Collect the fertilized embryos and eggs

Fig.2 Xenopus laevis mating.

The advantage of this method is the fact that many embryos are at different stages. It is good for expression study. More information can be found:

http://www.xlaevis.com/natural.html

http://www.youtube.com/watch?v=0vSkVrh0UME

IVF (In vitro Fertilization)

Injecting the male and female with gonadotropin hormone
Harvest the testes from male
Collect unfertilized eggs from female
Fertilize the eggs with testis

Fig.3 Xenopus laevis eggs after IVF.

In this type of fertilization many synchronized eggs are present.
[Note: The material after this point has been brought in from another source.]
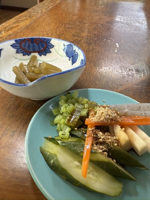 注文してすぐに、漬物とからみそ椎茸、わらびのおひたしに大根の酢漬けが。
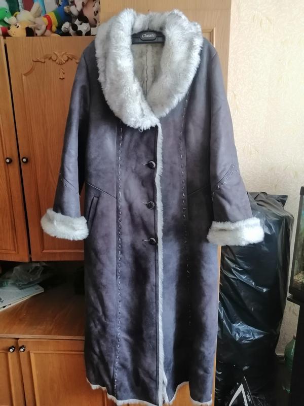 Дублянка в хорошому стані, штучний мех, тепла, дуже гарна, красивый мех на груді Трапецією Довжина по спині 135 Довжина Рукава без завороту 70 Плечі 45 Пів. Об. Під руками 50 Ширина в низу 170

This method is good for injection experiments. For more information visit the following sites:

http://www.xlaevis.com/invitro.html

http://www.xlaevis.com/testes.html

Embryonic development of Xenopus laevis is described: http://xenbase.org/anatomy/alldev.do

Large yolky eggs and large embryos are observed. The development is external which means that the embryos are suitable for experimental manipulation and observation. The development of the general body plan is subdivided into: cleavage, gastrulation and nerolation.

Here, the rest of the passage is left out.